Introduction

As society continues to develop, water quality has become a topic of increasing worldwide environmental concerns (Diaz and Rosenberg 2008; Chen et al. 2009; Giri et al. 2012; Chen et al. 2012a). Generally, two types of pollution sources are defined: point source (PS) and nonpoint source (NPS) (Ritter and Shirmohammadi 2001; Liu et al. 2009). NPS pollution contributors include forestry, urban runoff, mining/construction, and agriculture. The largest contributor to NPS is agriculture. Recently, the loss of nitrogen (N) and phosphorus (P) from agricultural land via runoff has increased rapidly in comparison to that from industrial and residential lands (De Wit et al. 2000; Reungsang et al. 2005; Chen et al. 2012b). In the US, as much as 60 % of river pollution results from agriculture (Environmental Protection 2008). Pollution prevention requires a clear understanding of the impact of nutrient sources on water quality at a watershed level (Lam et al. 2010; Liu et al. 2014b).

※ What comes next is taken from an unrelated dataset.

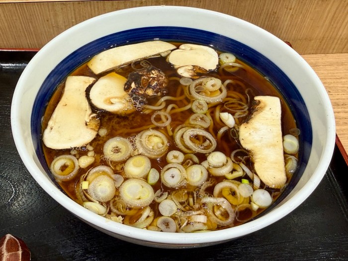 正直、激ウマという衝撃はないものの、松茸の独特な香りと食感が、いつもの立ち蕎麦をワンランク上の体験に引き上げているのは確か。麺はしっかり目で、つゆとの相性も良い。普段使いの立ち蕎麦店で気軽に季節感を味わえているという点ではナイスだろう。

To reduce the negative impacts of agricultural NPS pollution, Best Management Practices (BMPs) have been developed by the USA since the 1960s (Logan 1993). Many studies have shown that BMPs effectively reduce the NPS pollutant loads from agricultural areas (Maringanti et al. 2011; Panagopoulos et al. 2011; Liu et al. 2013). BMPs include structures, such as rain barrels or shoreline buffers, and nonstructural management practices, such as changes in land use and fertilizer application management (Lam et al. 2011; Liu et al. 2013). Unlike structural BMPs, most nonstructural BMPs are cost-effective and flexible. Therefore, land management can be applied as an effective strategy for controlling agricultural NPS pollution in many regions (Cook et al. 1996; Monaghan et al. 2007; Lee et al. 2010; McDowell et al. 2011; Thorburn and Wilkinson 2013).

Soil nutrient management is one land management strategy (Liu et al. 2013). Scientific approaches to soil nutrient management are based on the spatial variability of soil nutrients, which is obtained by analyzing soil nutrient samples. Scientific information on the spatial variability and distribution of soil properties is critical for understanding ecosystem processes and making sustainable soil, crop, and environmental management decisions (Fu et al. 2010; Tesfahunegn et al. 2011). In recent years, a mountain of work has been conducted regarding arable soils. These studies have focused on the spatial variability of soil properties, in the context of water quality protection and food security (Castrignanò et al. 2000; Tavares et al. 2008; Chaplot et al. 2010; Kerry et al. 2012).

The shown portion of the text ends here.